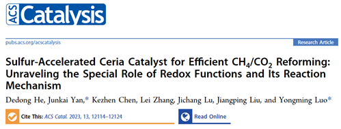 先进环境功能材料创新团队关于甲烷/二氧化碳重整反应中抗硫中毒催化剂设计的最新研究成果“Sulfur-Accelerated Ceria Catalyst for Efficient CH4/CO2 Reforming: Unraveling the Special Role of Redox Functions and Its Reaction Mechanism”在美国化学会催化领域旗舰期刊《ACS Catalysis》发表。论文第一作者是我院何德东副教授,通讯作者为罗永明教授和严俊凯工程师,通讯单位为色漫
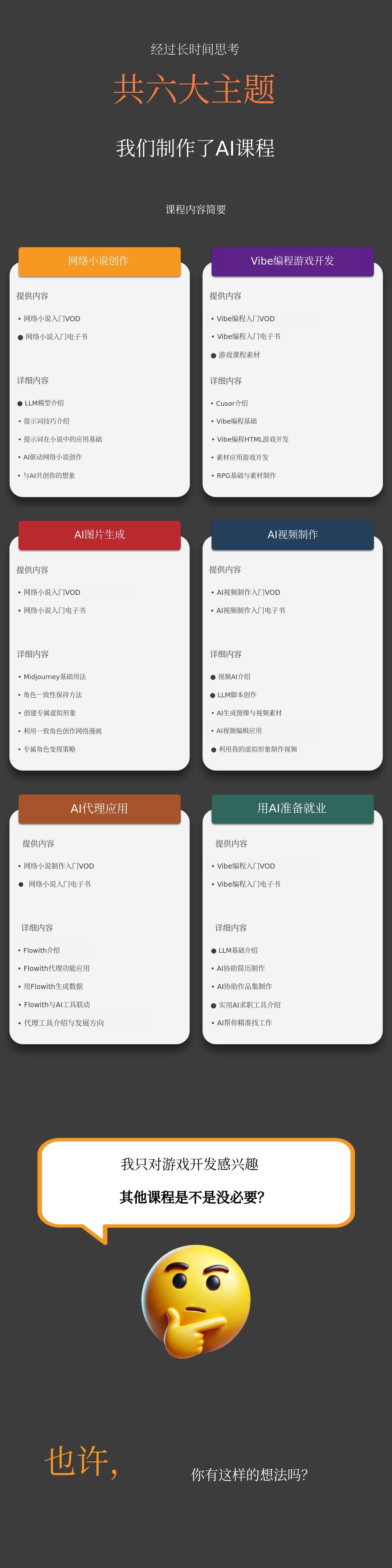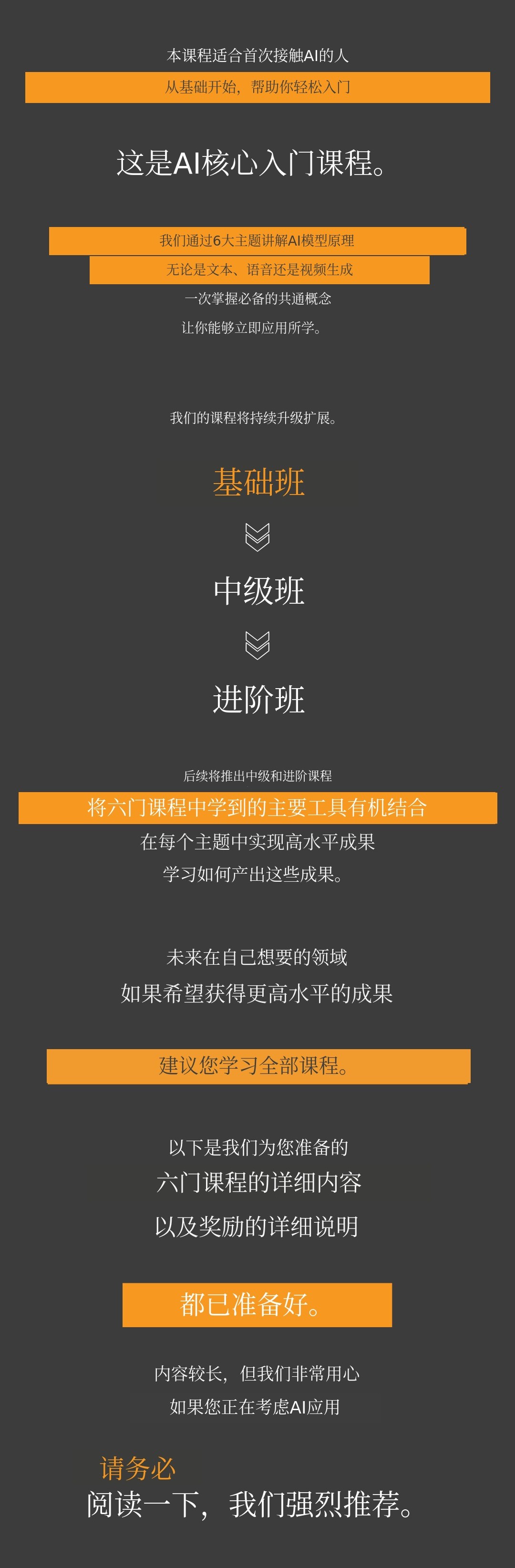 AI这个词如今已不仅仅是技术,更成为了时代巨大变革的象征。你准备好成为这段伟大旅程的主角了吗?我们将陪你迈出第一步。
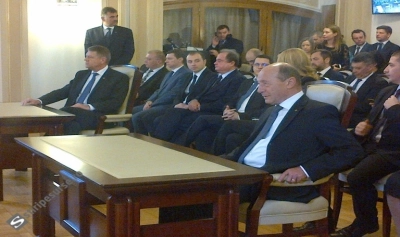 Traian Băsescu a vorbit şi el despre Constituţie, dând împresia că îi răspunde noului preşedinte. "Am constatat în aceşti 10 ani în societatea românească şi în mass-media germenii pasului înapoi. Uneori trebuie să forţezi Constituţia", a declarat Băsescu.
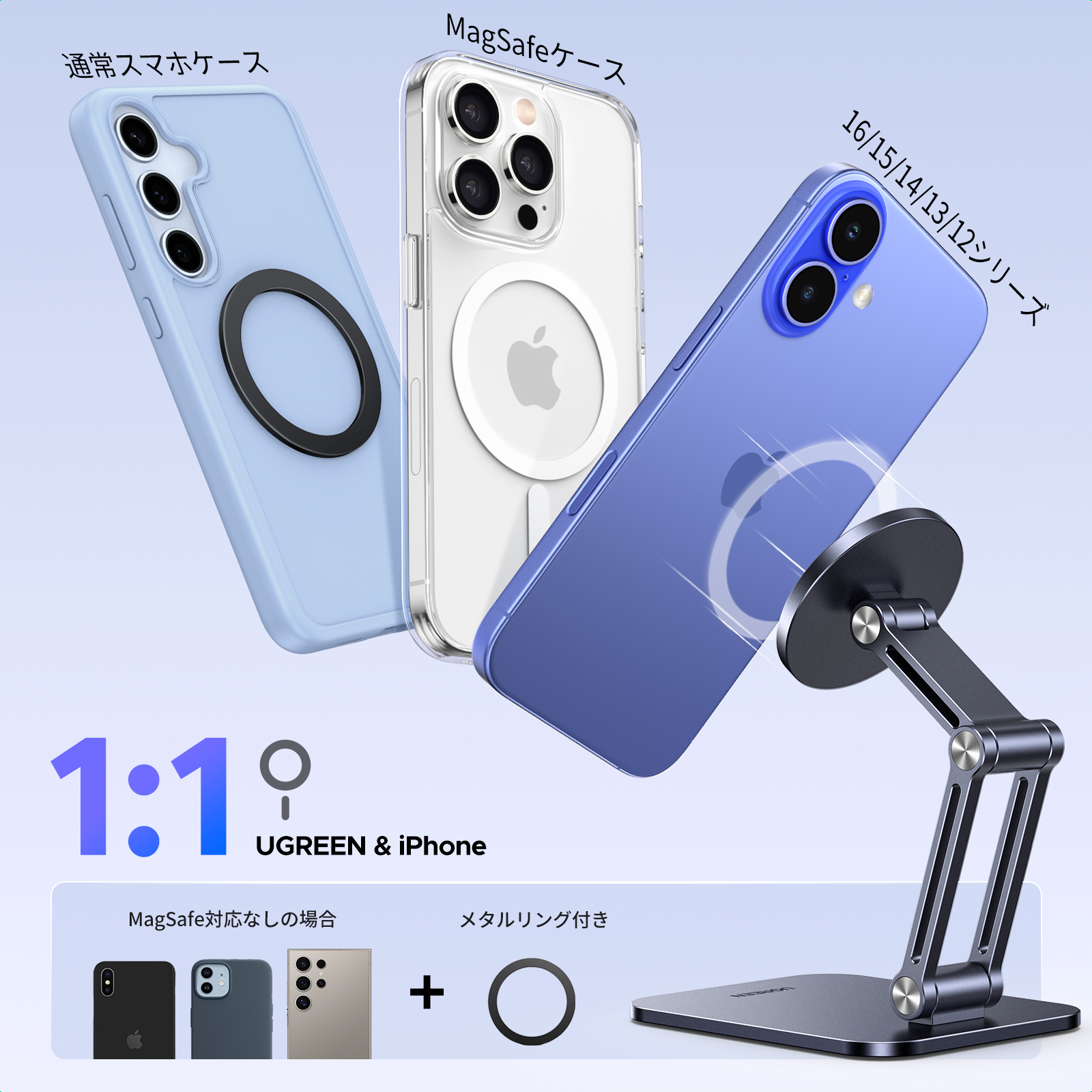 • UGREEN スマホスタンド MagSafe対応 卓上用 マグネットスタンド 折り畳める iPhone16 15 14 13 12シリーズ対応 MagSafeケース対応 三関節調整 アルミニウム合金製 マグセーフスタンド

**GOAL OF THE EXERCISE**
Could you restate the material word for word, skipping any pictures it holds?

**ANSWER TO THIS PROBLEM**
 先进环境功能材料创新团队关于甲烷/二氧化碳重整反应中抗硫中毒催化剂设计的最新研究成果“Sulfur-Accelerated Ceria Catalyst for Efficient CH4/CO2 Reforming: Unraveling the Special Role of Redox Functions and Its Reaction Mechanism”在美国化学会催化领域旗舰期刊《ACS Catalysis》发表。论文第一作者是我院何德东副教授,通讯作者为罗永明教授和严俊凯工程师,通讯单位为色漫
 AI这个词如今已不仅仅是技术,更成为了时代巨大变革的象征。你准备好成为这段伟大旅程的主角了吗?我们将陪你迈出第一步。
 Traian Băsescu a vorbit şi el despre Constituţie, dând împresia că îi răspunde noului preşedinte. "Am constatat în aceşti 10 ani în societatea românească şi în mass-media germenii pasului înapoi. Uneori trebuie să forţezi Constituţia", a declarat Băsescu.
 • UGREEN スマホスタンド MagSafe対応 卓上用 マグネットスタンド 折り畳める iPhone16 15 14 13 12シリーズ対応 MagSafeケース対応 三関節調整 アルミニウム合金製 マグセーフスタンド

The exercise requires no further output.